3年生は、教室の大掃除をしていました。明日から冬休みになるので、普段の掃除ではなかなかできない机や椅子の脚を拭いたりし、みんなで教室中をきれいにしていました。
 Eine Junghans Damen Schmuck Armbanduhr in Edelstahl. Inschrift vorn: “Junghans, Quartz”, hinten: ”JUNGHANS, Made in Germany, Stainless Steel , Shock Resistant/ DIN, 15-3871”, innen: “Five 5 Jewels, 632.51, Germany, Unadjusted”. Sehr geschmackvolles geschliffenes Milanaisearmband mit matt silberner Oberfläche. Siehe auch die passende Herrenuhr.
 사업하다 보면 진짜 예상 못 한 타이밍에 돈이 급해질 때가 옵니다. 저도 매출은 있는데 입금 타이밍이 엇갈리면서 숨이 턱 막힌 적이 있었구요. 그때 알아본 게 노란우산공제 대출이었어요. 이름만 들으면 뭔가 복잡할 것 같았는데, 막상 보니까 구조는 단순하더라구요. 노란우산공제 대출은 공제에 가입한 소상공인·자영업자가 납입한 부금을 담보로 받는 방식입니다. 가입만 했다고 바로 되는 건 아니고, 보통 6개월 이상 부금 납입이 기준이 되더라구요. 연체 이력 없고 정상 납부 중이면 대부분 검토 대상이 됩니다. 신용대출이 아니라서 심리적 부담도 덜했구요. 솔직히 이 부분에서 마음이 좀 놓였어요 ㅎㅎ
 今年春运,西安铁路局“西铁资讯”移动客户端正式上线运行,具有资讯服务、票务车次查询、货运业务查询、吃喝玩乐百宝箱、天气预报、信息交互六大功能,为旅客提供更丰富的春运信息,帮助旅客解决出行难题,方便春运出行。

---

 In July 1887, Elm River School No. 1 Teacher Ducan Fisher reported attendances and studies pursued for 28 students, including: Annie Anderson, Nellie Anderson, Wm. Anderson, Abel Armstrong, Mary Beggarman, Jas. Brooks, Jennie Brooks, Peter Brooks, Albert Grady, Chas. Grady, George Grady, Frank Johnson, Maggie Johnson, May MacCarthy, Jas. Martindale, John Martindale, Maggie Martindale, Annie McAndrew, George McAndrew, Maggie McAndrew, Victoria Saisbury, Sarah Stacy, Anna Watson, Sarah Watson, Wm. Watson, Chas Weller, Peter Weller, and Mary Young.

--

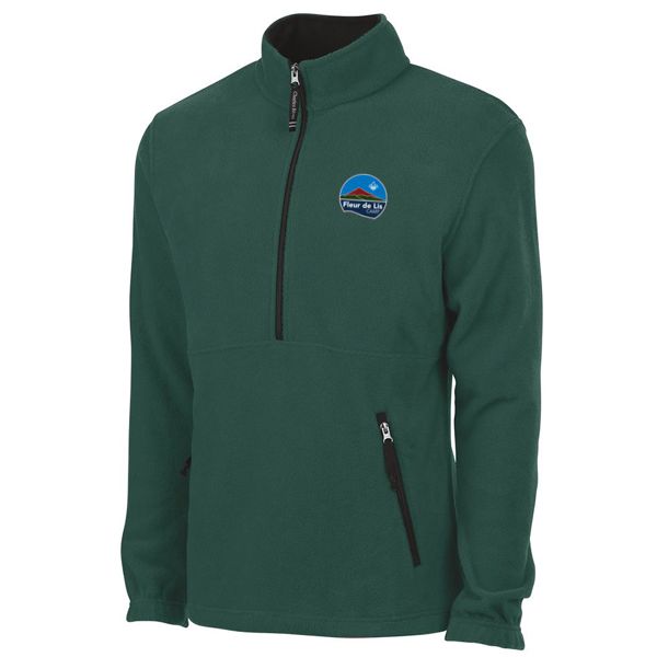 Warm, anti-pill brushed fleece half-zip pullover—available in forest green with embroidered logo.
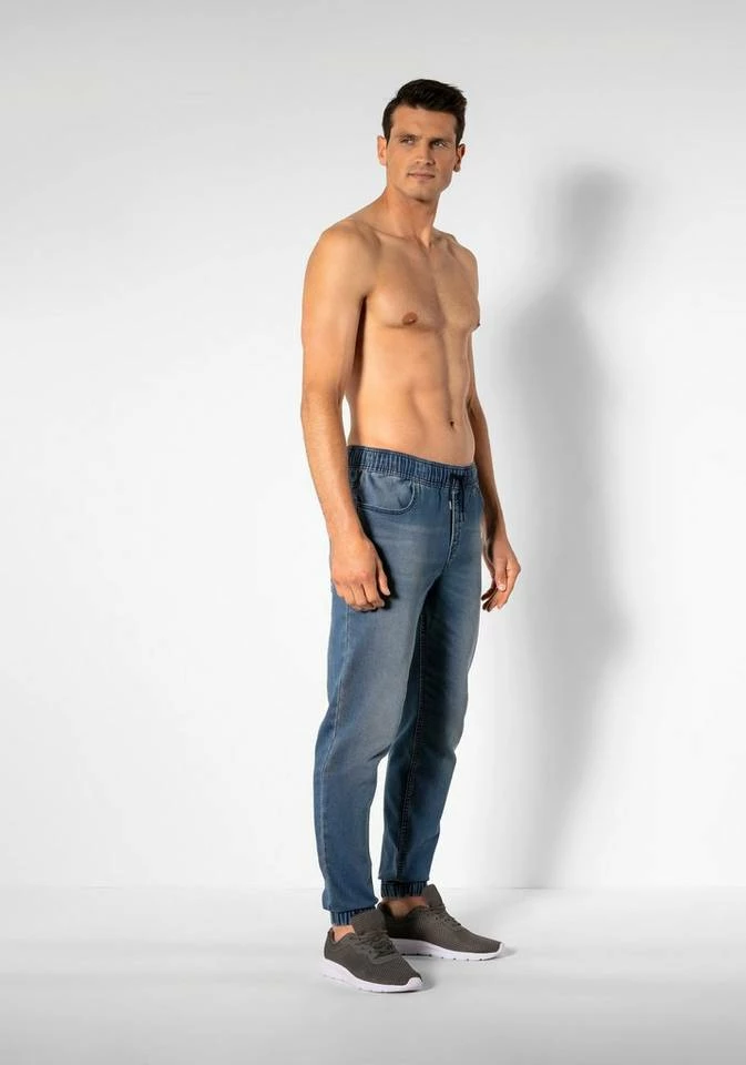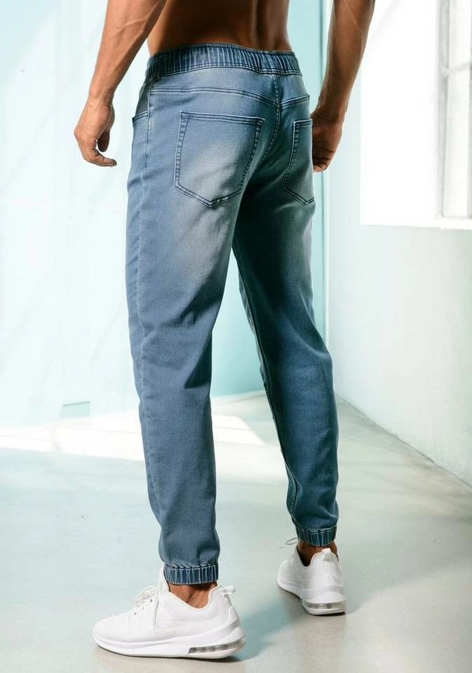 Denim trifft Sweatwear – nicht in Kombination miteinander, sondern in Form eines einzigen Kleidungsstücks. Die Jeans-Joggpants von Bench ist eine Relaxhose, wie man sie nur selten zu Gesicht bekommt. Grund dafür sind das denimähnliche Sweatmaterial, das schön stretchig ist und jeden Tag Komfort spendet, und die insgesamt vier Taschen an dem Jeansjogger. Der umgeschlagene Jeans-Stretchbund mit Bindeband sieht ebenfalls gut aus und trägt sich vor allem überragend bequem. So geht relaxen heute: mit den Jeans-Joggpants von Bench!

* **Work instructions**
Take the lines above starting at the one containing "Warm, anti-pill brushed" and ending at the one containing "Denim trifft Sweatwear", and print them again exactly, without pictures.

* **Reply**
 Warm, anti-pill brushed fleece half-zip pullover—available in forest green with embroidered logo.
 Denim trifft Sweatwear – nicht in Kombination miteinander, sondern in Form eines einzigen Kleidungsstücks. Die Jeans-Joggpants von Bench ist eine Relaxhose, wie man sie nur selten zu Gesicht bekommt. Grund dafür sind das denimähnliche Sweatmaterial, das schön stretchig ist und jeden Tag Komfort spendet, und die insgesamt vier Taschen an dem Jeansjogger. Der umgeschlagene Jeans-Stretchbund mit Bindeband sieht ebenfalls gut aus und trägt sich vor allem überragend bequem. So geht relaxen heute: mit den Jeans-Joggpants von Bench!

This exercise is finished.